# Autumn Olives and GrazoNext???



## VA Haymaker (Jul 1, 2014)

Anyone had any luck spraying autumn olives with GrazonNext? Got some future hayfields I want to keep under control, but there is a lot of autumn olive seeds/sprouts. Thought I'd like to use something with a residual.

Other than GrazonNext - do you have a herbicide of choice for autumn olive?

Thanks!


----------



## Hayman1 (Jul 6, 2013)

Bill, first of all I have to admit that I was responsible for drinking the Soil Conservation Service koolaid on splendid nature plants and thu planted AO on my property line of the lot cut off my dad's farm. He never really forgave me that transgression and I am still looking for ways to repent. That said, I would think that Chaparral or Cimarron plus grazon next (which is what Chaparral is would do the trick. You might also look at Remedy. However, if Cimarron plus grazon will do it you virtually control everything coming and going. Certainly works well on another SCS sponsored plant Multiflora rose. I use Crossbow and round up on locust and privet but it kills anything it touches. Virtually the only thing besides an excavator that totally does in privet (what they call tree honeysuckle here.


----------



## Shetland Sheepdog (Mar 31, 2011)

Bill, I have had success in eliminating both autumn olive & multi-flora rose by just pushing them out with tractor & loader!
YMMV, Dave


----------



## chaded (May 13, 2018)

Cutting and spraying the ENTIRE stump(s) with Triclopyr 4 has worked for me. Do NOT just cut them or you will regret it. Pulling them works as well but you need to make sure you get it all out.
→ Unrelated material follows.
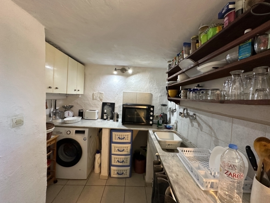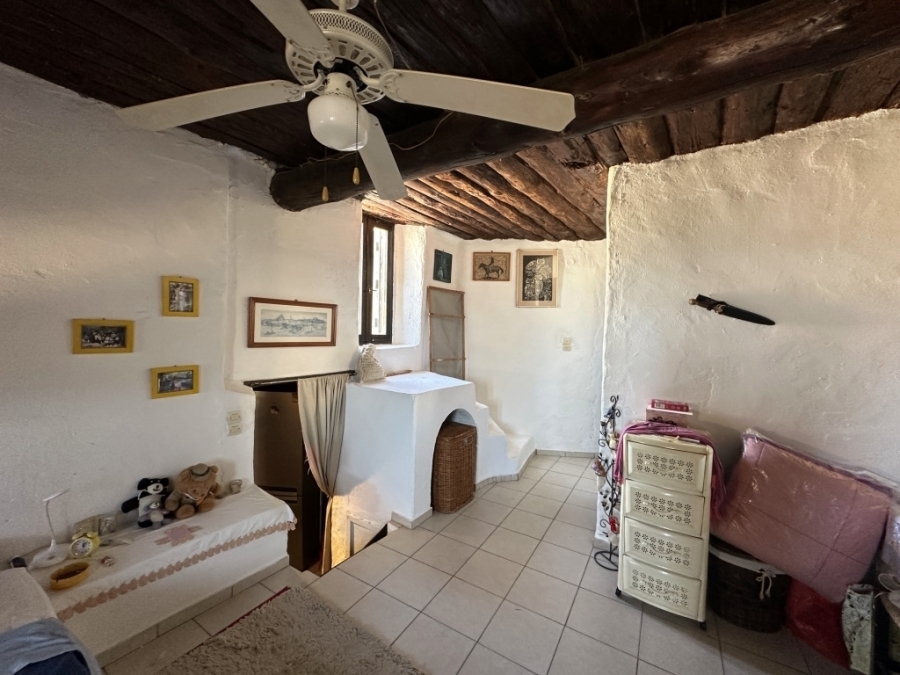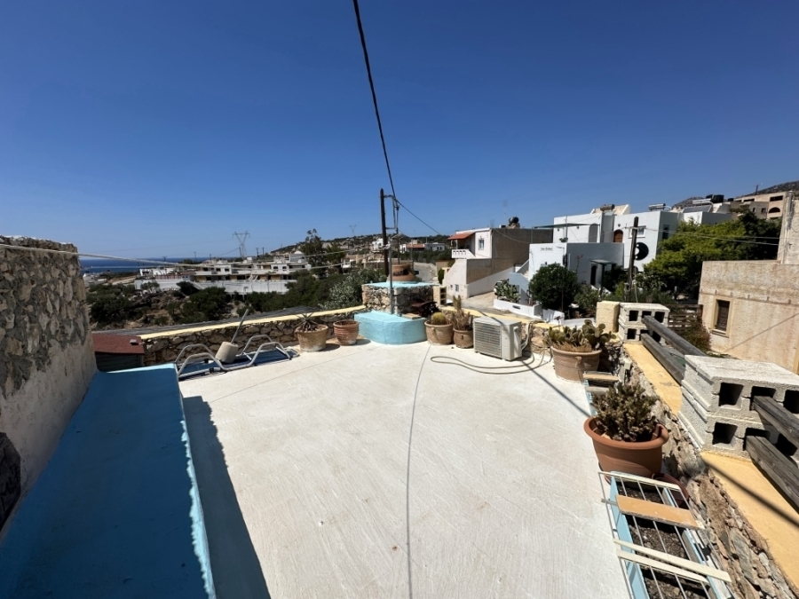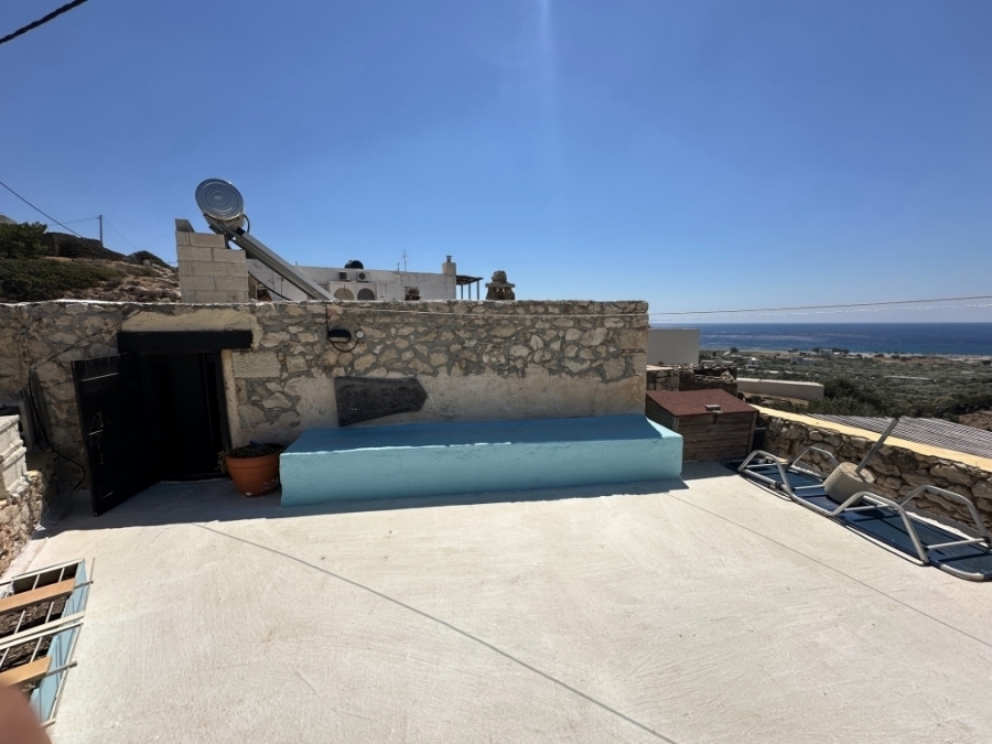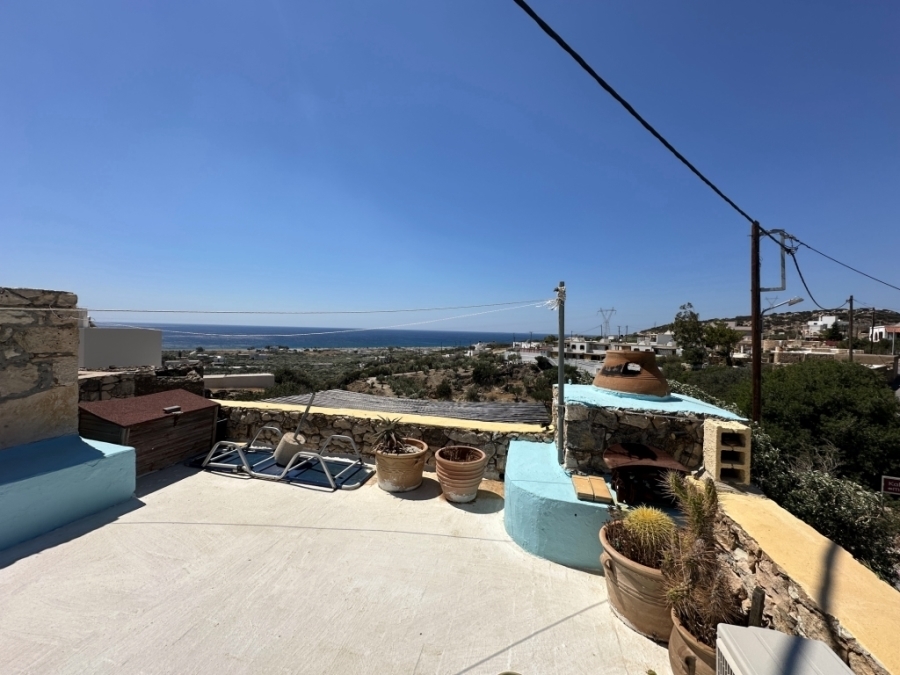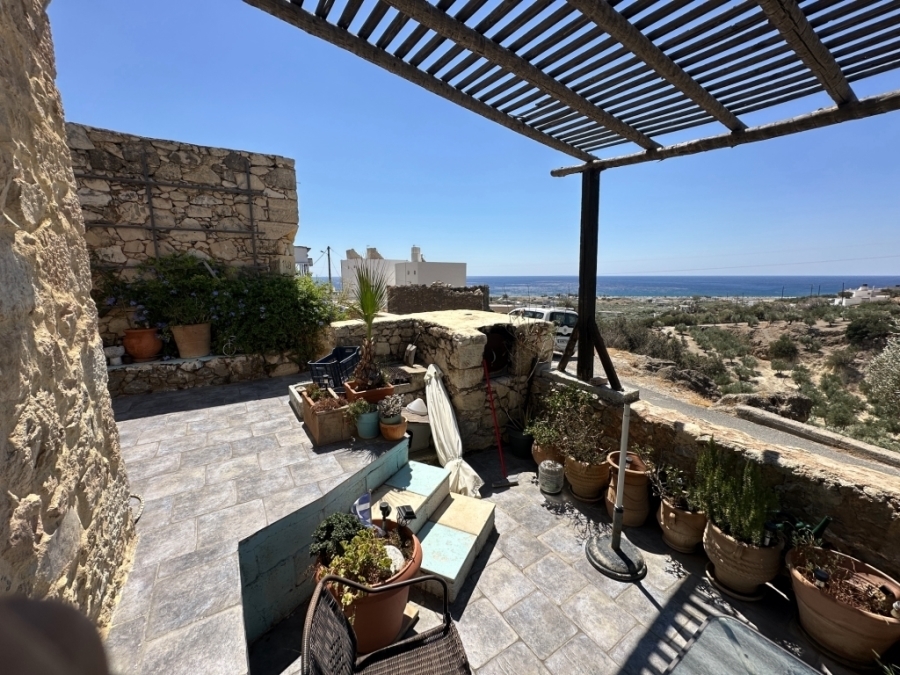 Old stone-built house of 90m2 within a plot of 110m2 is available for sale in the Koutsounari area of Ierapetra. It is just 1km from the sea, 10km from the city of Ierapetra and 40km from the International Airport of Sitia. Renovated in 2007, it is developed on three levels. The house opens onto the ground floor which has the living room. Three steps down lead us to the kitchen, the bedroom and the bathroom with a corner bathtub. Going up three steps above the living room there is also a bedroom with a picturesque form of a fireplace and the bathroom with a shower. From this level it leads us to the veranda with a wonderful view of the Cretan Sea. It has a wooden ceiling with fans, air conditioning in the living room and solar. Outside it has a courtyard with a wooden pergola. It is a good investment choice in a quiet area as a permanent or holiday residence.

I have a ratchet rake on my tractor bucket and I have unrooted some that were pretty big but it doesn't work as well on the smaller ones for me. I hate AO with a passion.....


----------



## JD3430 (Jan 1, 2012)

Shetland Sheepdog said:


> Bill, I have had success in eliminating both autumn olive & multi-flora rose by just pushing them out with tractor & loader!YMMV, Dave


I rehabbed a 10 acre field loaded with AO 5 years ago. No spray. The AO was 15' tall. I kept mowing and now it's just soft grass and makes nice round bales.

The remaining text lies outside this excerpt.